Эдгар Дега. Урок танцев. Фрагмент. Ок. 1879. Национальная галерея искусства, Вашингтон. Фото: Bridgeman Images.
Художник как "вуайерист"? Но кем же еще быть художнику, как не человеком, который видит (слово voyeur может еще означать галлюцинирующего визионера). Художник терзал своих моделей, ставя их в неудобные позы? Но он работал также с фотографий и по памяти (не говоря уже о кальке). Летописец борделей, который таким образом давал волю "отвращению" к женской сексуальности? Но бордельные монотипии Дега, на мой взгляд, отражают жизнелюбие, скуку, сосредоточенность и профессионализм тех, кто занят этим конвейерным ремеслом; и в тоне их не больше отвращения, чем в бордельных картинах Тулуз-Лотрека. Может быть, репутация Лотрека — веселого малого, карлика, маргинализованного своим уродством, так что он как бы оказывается на одном моральном уровне с маргиналами вроде проституток, — работает на Лотрека, в то время как репутация Дега работает против Дега. Но ведь графические изображения от этого не меняются. И если вы смотрите, скажем, на "Праздник хозяйки" Дега, а видите только отвращение к женской сексуальности, то с вами явно что-то не так в критическом — а может быть, и в личном — плане.

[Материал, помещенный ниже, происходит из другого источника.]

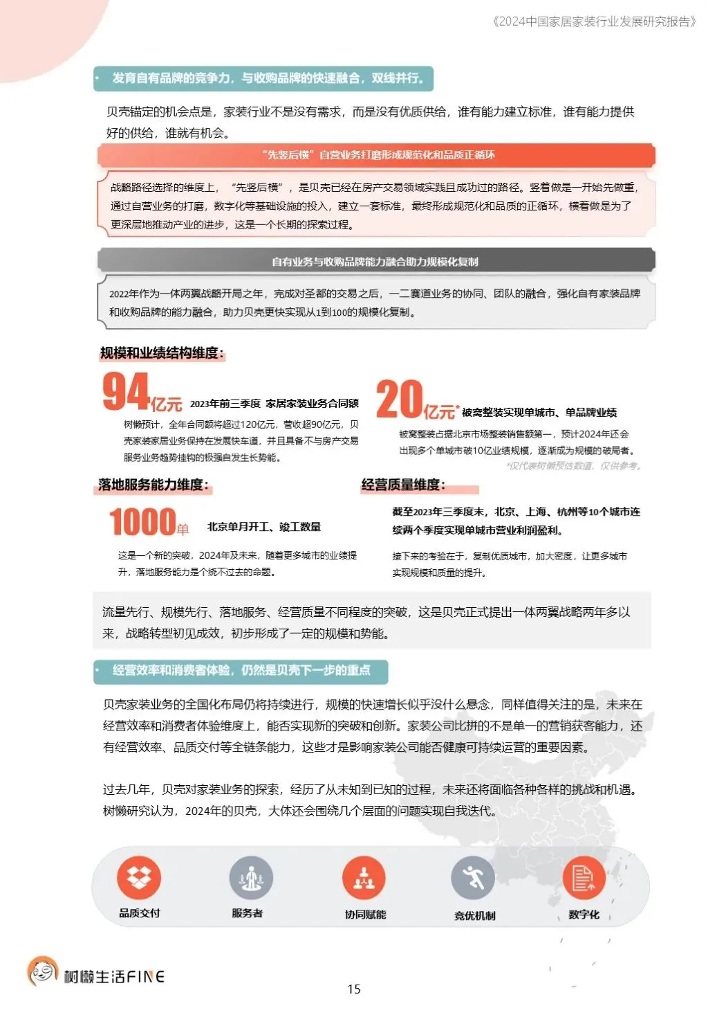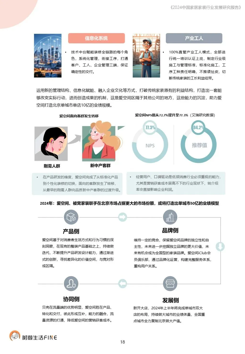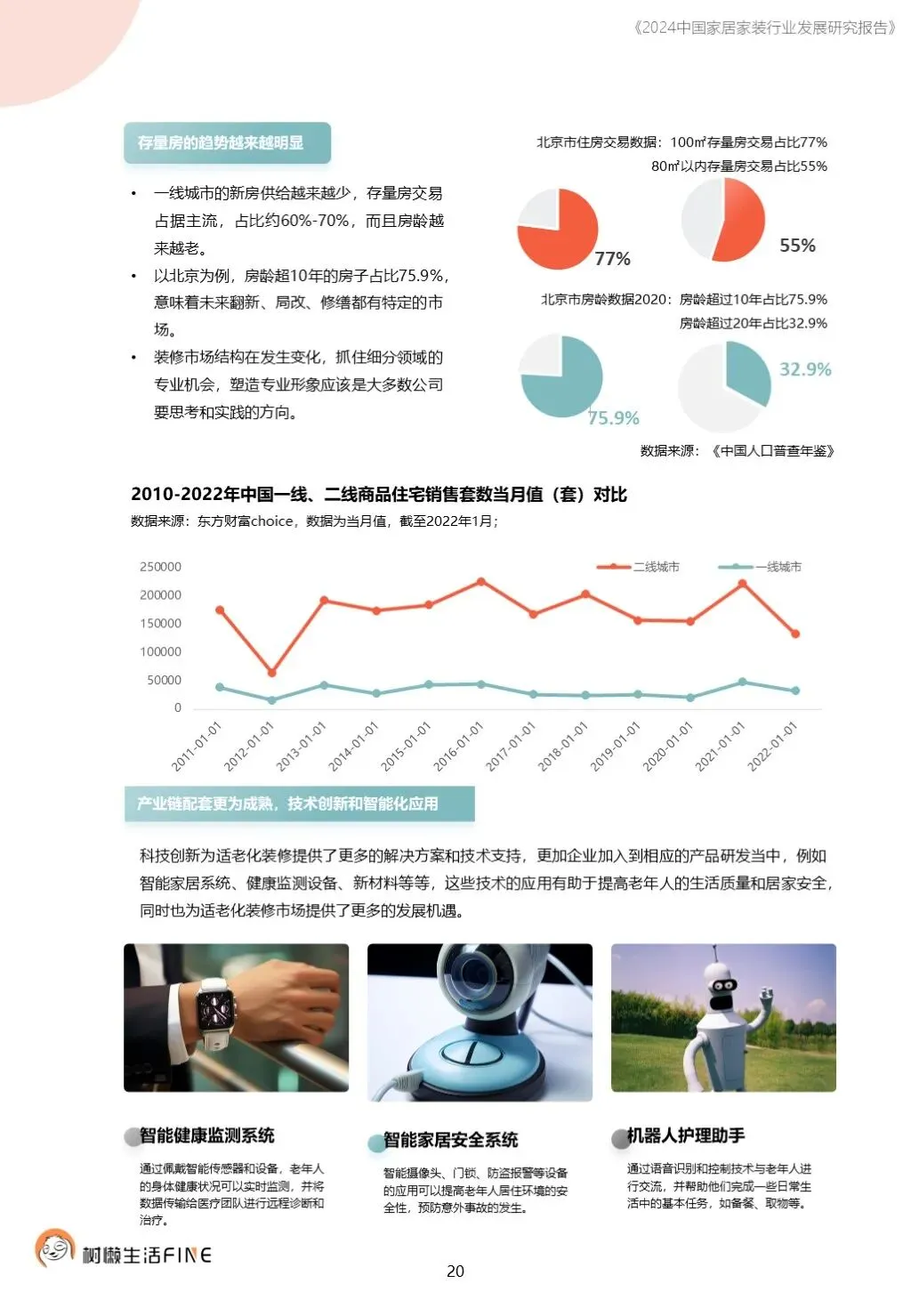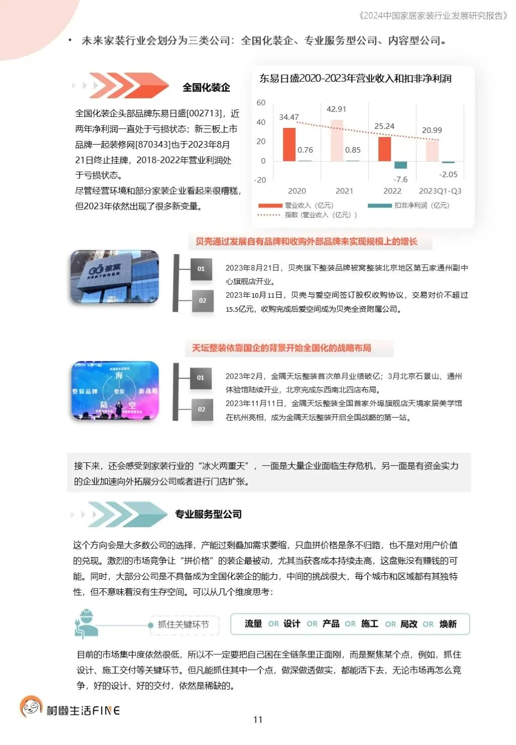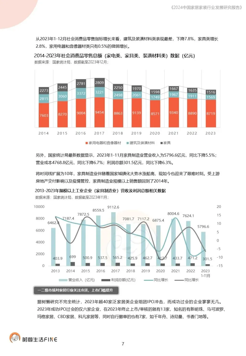 不知不觉已经踏入了2024年。过去这一年,每个人在波涛汹涌的大海中乘风破浪,勇往直前,非常不易。这一年,每个人都见证了太多行业发展的潮起潮落,资本并购、企业跑路、倒闭;这一年,增长压力之下,头部企业不断进行战略转型,寻找新的增长动力;这一年,新渠道、新技术、新人才,正在成为重构行业的新变量。新的一年,行业仍然存在很多挑战和不确定性,前行的路还有很多困难需要克服。产能过剩,需求萎缩的环境下,更激烈的竞争会是未来的常态,每家企业要为此做充足的准备,无论是乐观还是悲观,都要继续前行。这几年,行业各种概念太多,不但没有帮到企业,反而加剧了浮躁,渲染了焦虑。真正优秀的企业,一定是能够穿透纷繁复杂的概念,回归初心来寻找答案。2024年,务实和坚定应该要成为优秀企业的底色,尊重常识,多站在用户角度思考问题,重视基础,做不了基础工作的人也无力发起革新。树懒生活Fine撰写的这份《2024中国家居家装行业发展研究报告》如期而至。报告主要围绕家装/整装、整家模式、家居零售、渠道、技术、人才六个维度展开,期间与数十家公司通过面对面等多种方式进行访谈交流,体会经营者视角下的产业创新趋势。同时,从第三方公司的理性视角,用数据解读行业发展的现在和未来,希望对各位有所帮助,也欢迎更多的创业者与我们一起探讨交流。重为轻根,静为躁君。不管我们身处在一个什么样的时代,这是个体左右不了的,但是保持快乐、阳光、轻松、真诚、善良的心境和品德,这个取决于我们自己,或许这才是更好向前发展的基础前提。

Еще один повод для неодобрения — пристрастие художника изображать моделей спиной, отвернувшихся от зрителя, как это часто бывает на поздних его полотнах, что якобы свидетельствует о его квазипорнографических намерениях. Впрочем, все те же аргументы можно с тем же успехом привести, доказывая обратное: можно, например, сказать (при желании), что отвернувшаяся женщина не обращает внимания на художника/наблюдателя, что она занята собой, замкнута в своем отдельном мире. Еще важнее, что это не портреты; во всяком случае, не те портреты, которые должны передать характер, натуру. Это портрет тела как формы, итог жизненного поиска, который начался для Дега много лет назад с наставления Энгра: "Рисуйте линии, молодой человек, рисуйте линии". Одно время Дега принадлежала картина Энгра "Руджеро, освобождающий Анджелику" и карандашный эскиз к "Большой одалиске". Как далеко Дега продвинулся в изображении женского тела, можно оценить, если мы переосмыслим эти две работы. Живописное полотно говорит нам, что обнаженная натура — это в первую очередь блеск, лоск: даже в терзаниях и муках женщина сохраняет ослепительное великолепие. Рисунок показывает, что обнаженная натура — это линии: спина женщины архитектурно изогнута, как киль норманнской ладьи, а грудь ее, несмотря на то, как она должна выглядеть в такой позе, сохраняет силиконовую безупречность. У Энгра маммарное становится мраморным, у Дега грудь сохраняет подвижность, как в реальной жизни. Идеализация против натурализма. Художники, изображающие обнаженных женщин, непременно от кого-то получат на орехи; против них сиюминутные предпочтения и принципы — хотя они, конечно, не более чем сиюминутны.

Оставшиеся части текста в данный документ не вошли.